The present hysterical drumbeat against firearms is dangerous on many levels. It demonstrates the corruption of American political debate, and the debasement of education. Citizens are no longer taught the meaning or purpose of the Bill of Rights, and critical thinking skills are actively discouraged by the schools--in favor of 'feelings' and non-rational discourse. When friends ask me my definition of a "conservative", I tell them: 'Conservatives are the people who can read the Constitution--and have the temerity to believe it means exactly what it says.'
The Second Amendment says, "A well regulated militia being necessary to the security of a free state, the right of the people to keep and bear arms shall not be infringed." This is plain language, and before America was deconstructed by the Left, its meaning was clear. "Infringe," says my dictionary, means "to break (a law or agreement); fail to observe the terms of; violate; trespass; encroach, meddle." That seems clear enough. And anyone who has studied the Federalist Papers cannot avoid the conclusion that the Founders clearly intended for private citizens to have the right to keep and bear arms--without interference.
Yet the Second Amendment, like those other step-children of the Bill of Rights, the Ninth and Tenth Amendments, is simply ignored. A curious sort of blindness--of tunnel vision--infects those who want to "control" guns. They stridently adopt an absolutist position on the First Amendment, but avert their eyes when the Second is mentioned--they wish it would just go away. (Ask the ACLU, "dedicated to upholding the Bill of Rights", how many defenses of the Second Amendment they have mounted.) But the Bill of Rights is not a Chinese Restaurant menu: you may not choose those rights you admire and reject those you deplore. The current fashion--of adopting laws which are clearly unconstitutional, and blandly ignoring criticisms based upon the constitution--is a step toward totalitarianism. It is the substitution of brute force for the rule of law. If one can violate the constitution and its clear meaning simply because one can, then the rule of law is dead and might makes right.

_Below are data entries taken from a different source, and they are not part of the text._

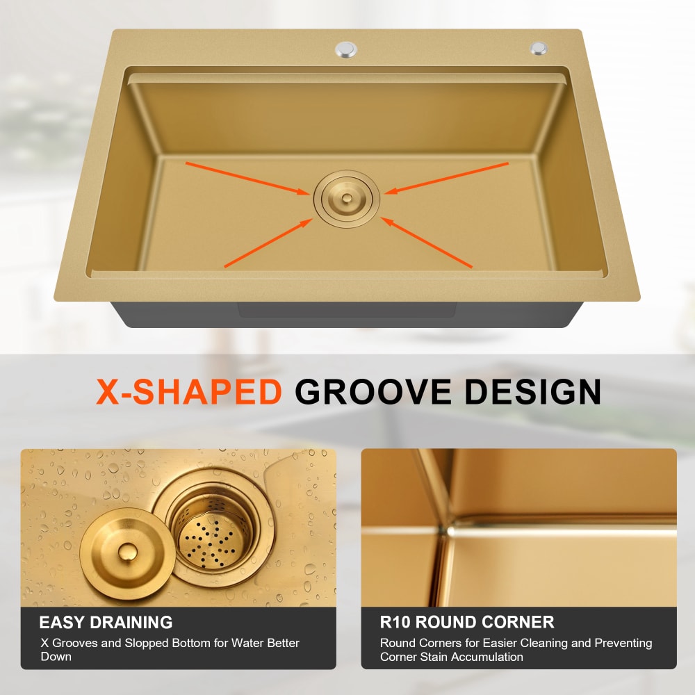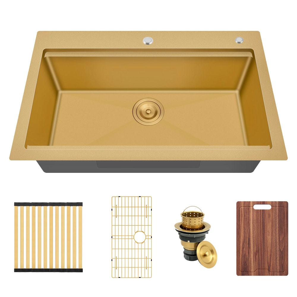 Blenzia 33 Inch Gold Workstation Drop In Kitchen Sink 33x22 Topmount 16 Gauge Stainless Steel Single Bowl Deep Sinks with Accessories 33" x 22" x 9"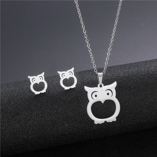 Eropa dan Amerika fashion kalung liontin set kepribadian burung hantu glossy stainless steel sweter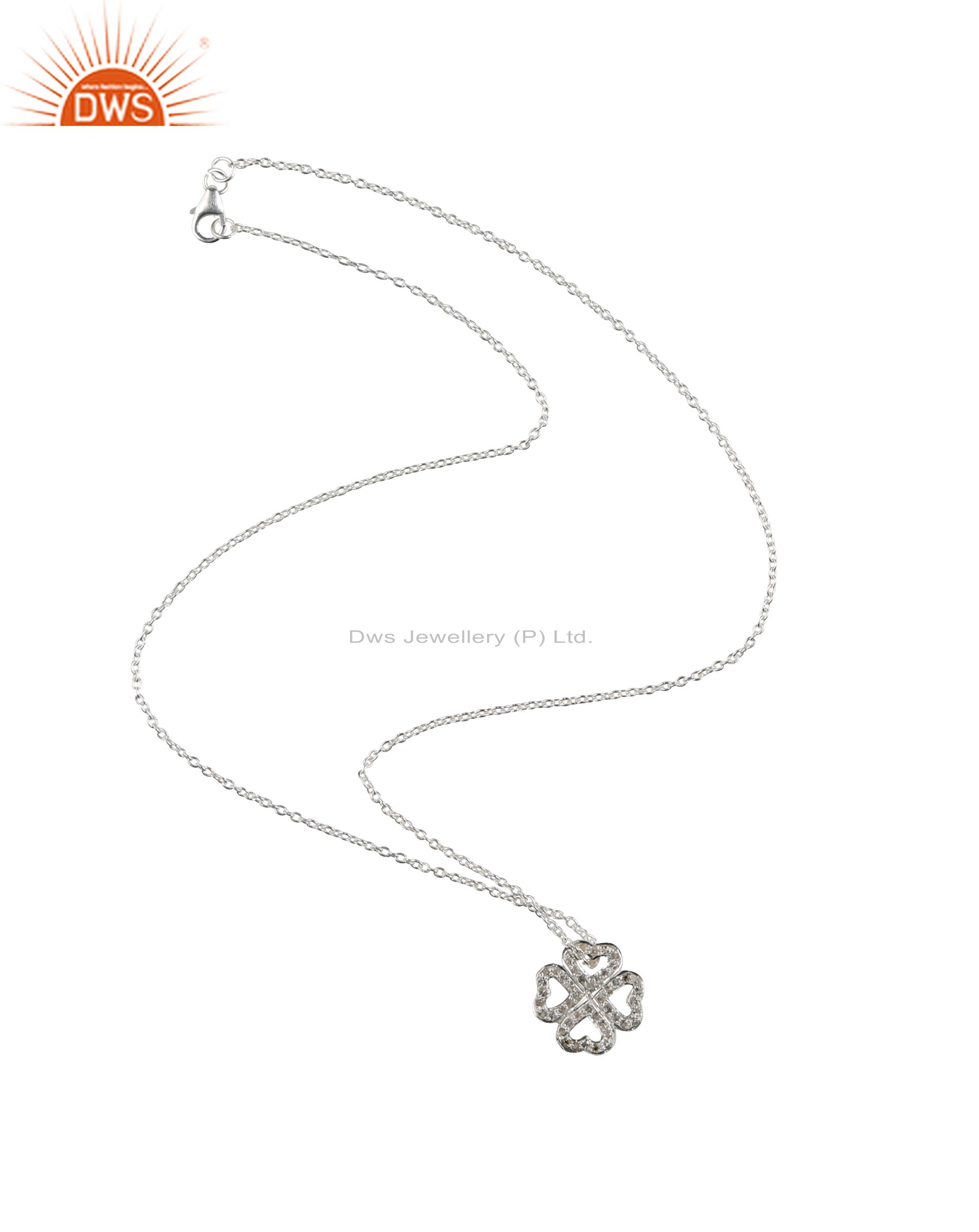 Handmade 925 Sterling Silver White Topaz Heart Pendant With Chain Necklace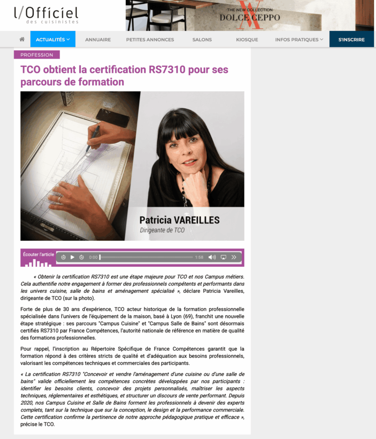 Créé en 1992, TCO bénéficie d’une compétence, d’une expertise et d’une notoriété, dans le domaine de la stratégie commerciale, de la formation des métiers de l’habitat, de l’ameublement, de la cuisine et de la salle de bain.

If the gun-control crowd had an ounce of honesty and integrity, they would forthrightly admit that their goal is to outlaw all firearms and confiscate them. Then they would straightforwardly propose--and work to get ratified--an Amendment which repeals the Second Amendment. But they know the American people would never vote to abrogate a part of the Bill of Rights. So they prefer the incremental, "boiled frog" approach--achieving by stealth and gradualism what they cannot obtain openly. To call this strategy "dishonest" is an understatement.
And so was your contribution in Post #7, Boris!
Sorry.
--Boris
Stay Safe !
I believe that many of the people who fear guns in the hands of others do so because they do not trust themselves.
Having never shot a gun the probably think pulling the trigger is like using a remote to change channels. I tend to think that if somebody took them out shooting and had them blast away a couple of full soda cans or milk cartons -- preferable over paper targets -- that they'd respect the power of a gun and assessment of themselves. (I grew up way out in the country and that's how I learned.) There's a tremendous amount of power in one person's hands and once they experience the impact it has on them they'd learn a new degree of respect for themselves.